The 13-member assembly of the County Board of Supervisors and representatives from each jurisdiction within the county met Thursday in Santa Maria, and while it was decided a measure would be going on the ballot November of next year, it was unclear what exactly the measure would look like.

Currently, Measure D is a half-cent transportation sales tax, 70 percent of which goes to local transportation needs and 30 percent of which goes to regional transportation projects. The measure-voted into being in 1989 and good through 2009-raises $35 million a year. Supervisors are now looking at a similar measure with a similar distribution of money for the next twenty years.

A 2006 ballot measure which would have upped the tax by a quarter cent and brought an additional $500 million to the County only received 54 percent of the vote, 12 percent less than needed to pass. North County voters made it clear in last November’s vote they weren’t interested in funding going to alternative forms of transportation, while many advocates of the cause in the South County are interested in nothing less than equitable sharing of funds.

Solvang City Councilmember Jim Richardson said there was an overwhelming majority of people driving cars, and those people want their roads in good shape and not congested. They’re not interested in paying for alternative forms of transportation catering to the small percentage of people who use them, he said. But Dennis Story, chair of Coastal Rail Now, an organization seeking a commuter train into Santa Barbara from the south, said 70 percent of the funding to locals was out of whack with the rest of the state. And, after $140 million is taken out to go toward widening Highway 101 from Ventura to Carpinteria, little money would remain for alternative transportation.

There has to be specified alternative transportation funds, or the two-thirds majority vote needed for the measure to pass won’t happen, said SBCAG public information and government affairs coordinator Gregg Hart.

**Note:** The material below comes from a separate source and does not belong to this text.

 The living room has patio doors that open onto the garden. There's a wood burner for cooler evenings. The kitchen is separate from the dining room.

Of course, the alternative to Measure D is having no measure at all, leaving no money to maintain infrastructure. Fourth District Supervisor Joni Gray, who voted against putting the measure on the 2008 ballot, said the voters need to see a problem before they’re going to vote to fix it. Until now, public officials have been telling the public what needs to happen, and the public hasn’t responded, she said. But First District Supervisor Salud Carbajal disagreed. “She wants to wait until there are potholes everywhere and the roads are dilapidated before going to the voters,” Carbajal said. “That’s ludicrous. That’s why she’s the only dissenting individual.” And, he continued, that reasoning is why Gray is either the most brilliant official on the dais or something else, which Carbajal would only explain as “I don’t want to say.”

The vast majority of the public doesn’t know the impact of Measure D, officials agree, nor do they care. “But they will begin to care if the roads start to deteriorate,” said Third District Supervisor Brooks Firestone.

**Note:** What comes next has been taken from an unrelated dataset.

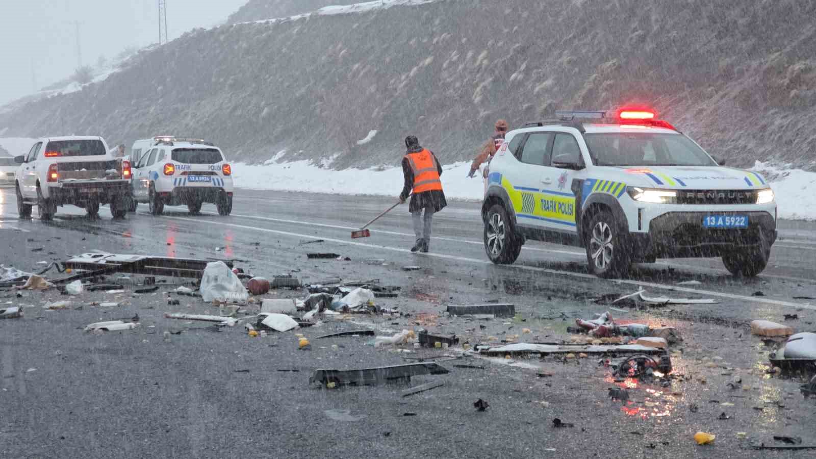 Bitlis-Van karayolunda tır ile otomobilin çarpıştığı kazada hayatını kaybeden çiftin kimlikleri belli oldu. Edinilen bilgiye göre kaza, Tatvan-Van karayolu üzerinde bulunan Alacabük köyü mevkiinde meydana geldi. Murat A. yönetimindeki 13 AAS 081 plakalı tır ile karşı yönden gelen Nazmi Atsız yönetimindeki 34 ACK 344 plakalı otomobil çarpıştı. Kazada otomobil sürücüsü Nazmi Atsız ile yanında oturan eşi Zehra Atsız olay yerinde hayatını kaybetti. Otomobilde bulunan çocukları M.S.A. (4) ve 6 aylık F.A. ile tırda bulunan sürücü Murat A. ile K.A ve M.A isimli şahıslar yaralandı. Yaralılar olay yerine sevk edilen ambulanslarla Gevaş Devlet Hastanesi’ne kaldırılarak tedavi altına alındı. Hurda yığınına dönen otomobilde sıkışan çiftin cenazeleri, Bitlis İl Afet va Acil Durum (AFAD) Müdürlüğü ile itfaiye ekiplerinin uzun uğraşları sonucu çıkartıldı. Karı kocanın cenazeleri bölgeye sevk edilen cenaze aracı ile Tatvan Devlet Hastanesi morguna kaldırıldı. Jandarma ve polis ekipleri, olay yerinde üst düzey önlem alarak trafiğin akışını tek şeritten verdi. Karayolları ekipleri yola saçılan araçların parçalarını temizleyip kaza yapan otomobil kaldırıldıktan sonra trafik normale döndü. Kazayla ilgili geniş çaplı tahkikat başlatıldı. 6 aylık bebeğin biberonu görevlilerin yüreğini burktu Kazada ağır yaralanan 6 aylık F.A.’nın biberonu, oyuncağı ile 4 yaşındaki M.S.A’nın scooteri ile kaza yapanların ayakkabıları yola savruldu. Yola saçılan biberon ile scooter yürekleri burktu.
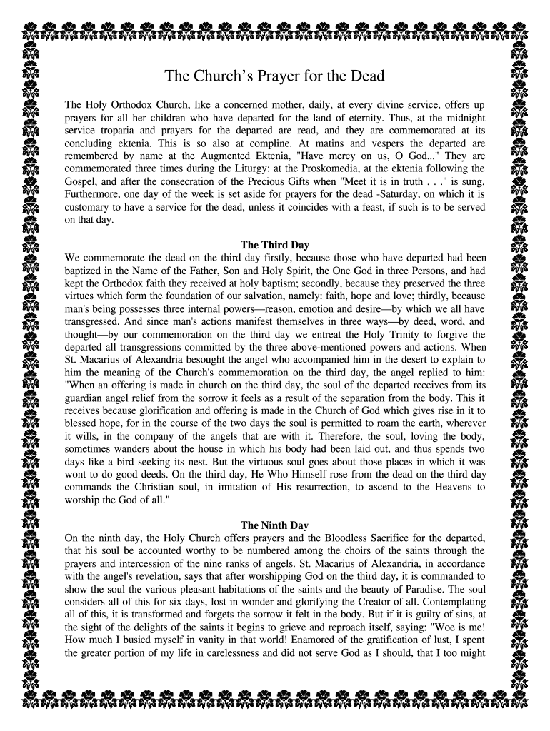 The Church's Prayer for the Dead The Holy Orthodox Church, like a concerned mother, daily, at every divine service, offers up prayers for all her children who have departed for the land of eternity.

Jurisdictions are beginning to put more focus on the possibility of not having the Measure D funding. The City of Santa Barbara has already begun discussing what life would be like without Measure D, and Carpinteria began a similar discussion Friday. Firestone said that scenario was a bad one to contemplate. “We’re playing for keeps this time,” Firestone said. “The last time we could play and afford to lose. This time we can’t do that.”